The question that follows from this is whether or not we should be bound by a seemingly irrational Constitution or simply refuse to be bound by it, and just follow the best public policy arguments available. Some version of the negative answer to the question of being bound by the stubborn Constitution informs the liberal approach to constitutional interpretation: they want to read the constitution in a way that permits almost any desirable public policy without explicitly rejecting the constitution as a grounds for decision making.
So let me offer a defense of the stubborn Constitution. The demand that the Constitution be rejected explicitly—or covertly rejected by interpreting it as a “living document”—rests on the idea that our public policy should be based on the best publicly available reasoned arguments. But this idea over-estimates the ability of our reasoning to predict the future consequences of government action. The stubborn Constitution is justified by a recognition of our cognitive limitations.

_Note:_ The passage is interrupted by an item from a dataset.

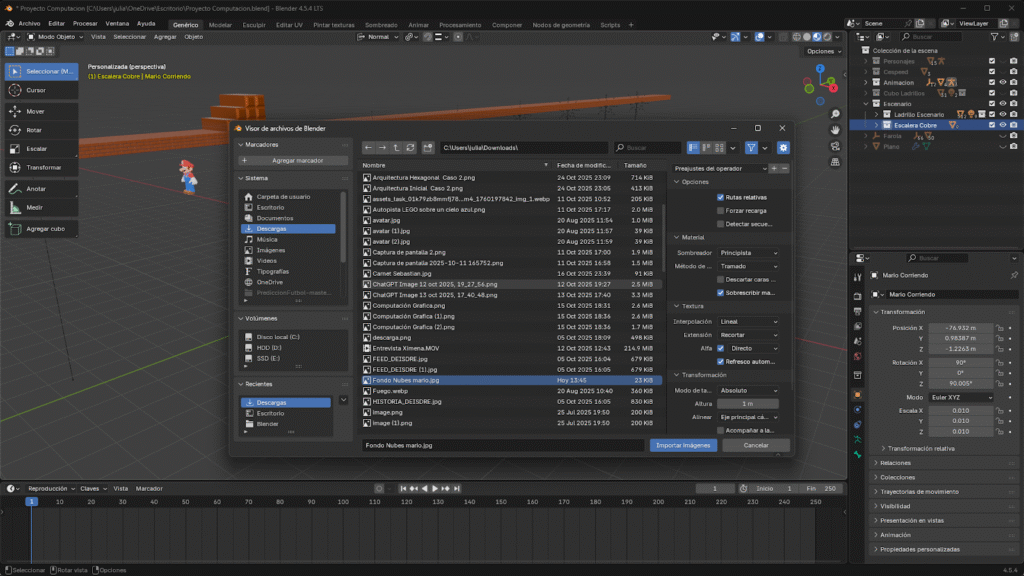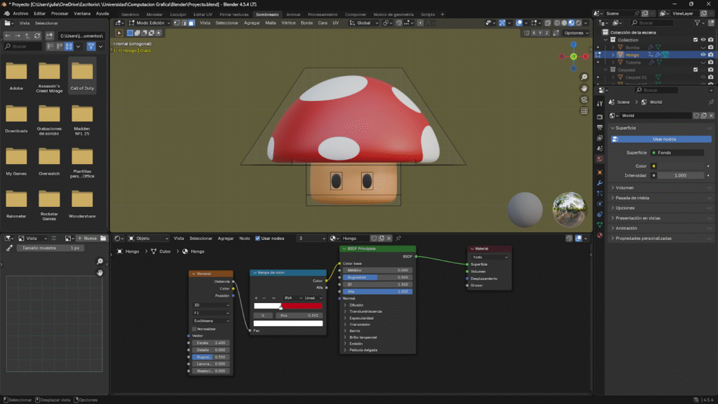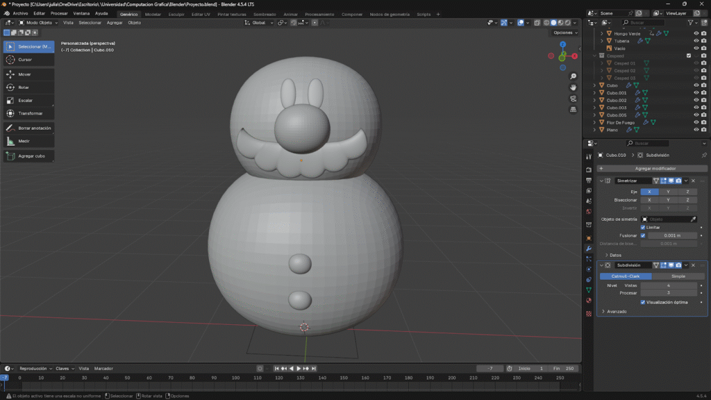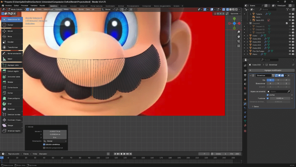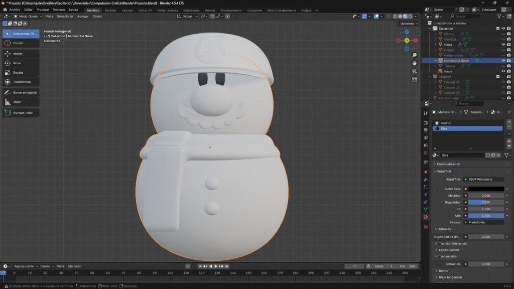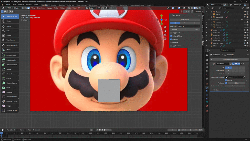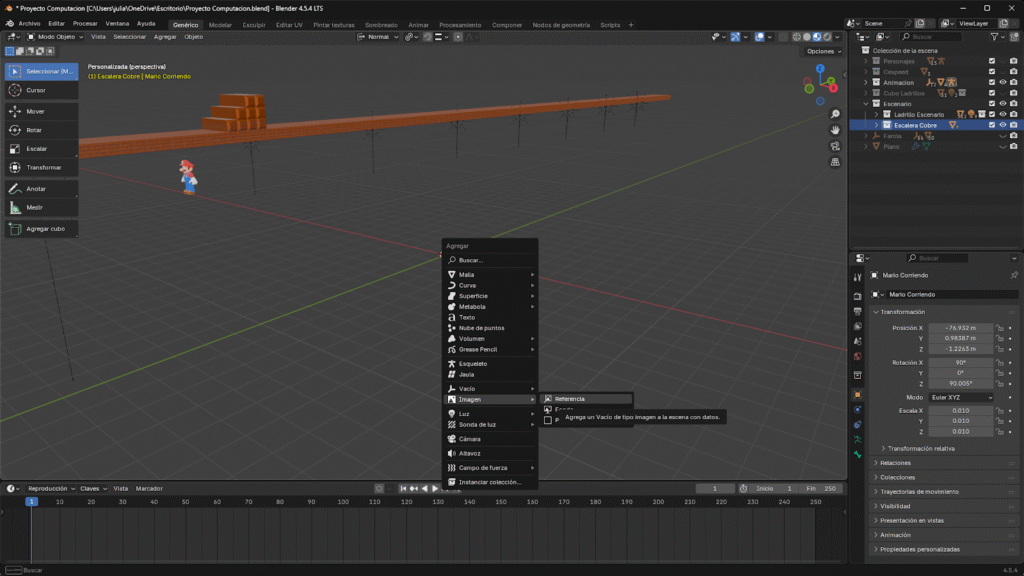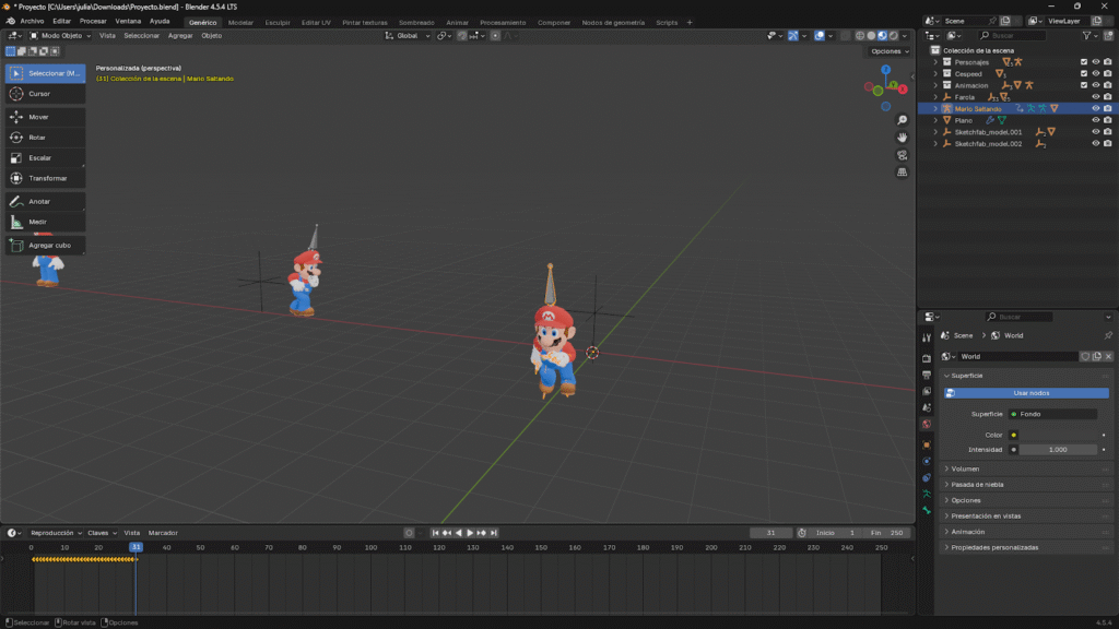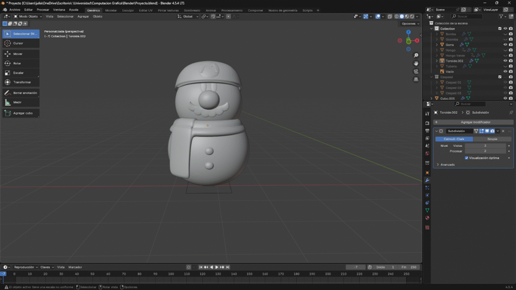La creación de una animación en Blender es siempre una oportunidad para explorar nuevas ideas visuales y técnicas, y en este proyecto decidí combinar dos elementos que transmiten creatividad y nostalgia: la Navidad y el estilo clásico de Nintendo. A través del modelado, las texturas, la iluminación y el renderizado, esta animación busca capturar la magia de una escena navideña mientras mantiene el encanto colorido y simplificado del universo de Mario y otros personajes icónicos. El resultado es una pieza dinámica y llena de vida que refleja tanto el espíritu festivo como el potencial artístico que ofrece Blender.

To put it slightly differently, the stubborn Constitution refuses to recognize the sovereignty of our prevailing viewpoints over public policy. Instead, it reserves certain matters from being centrally decided in a way that ensure that we won’t adopt regulations that homogenize actions around theories that almost certainly do not fully anticipate their interaction with other regulations and changing circumstances. It allows us to centralize behavior through regulation only in limited ways.
Let’s return to the immediate debate around health care. If the individual mandate is a necessary part of health care reform, but the individual mandate is prohibited by the Constitution, then our Constitution makes health care reform impossible. It does this in the same way and for the same reasons it makes so many other actions by our government out of bounds—as a check on the prevailing perspectives of the day which are masquerading as political wisdom.
The proponents of an individual mandate argue that health care reform is so important that it should not be set aside because of antiquated formalist requirements. The response is simple enough: the Constitution does not recognize our views of what is important as sovereign. In fact, it places stubborn barriers in the path of our attempts to enact our views into federal policy.
I began by arguing that the liberal reveres the Constitution. But now I’ll modify that: the liberal reveres the ability of reasonableness to indicate correct policy, and believes we should interpret the Constitution in light of this. Vinison’s view of the Constitution as imposing perhaps unreasonable decisions is justified by a recognition that our own views of what is and isn’t reasonable are often much shallower than we suppose.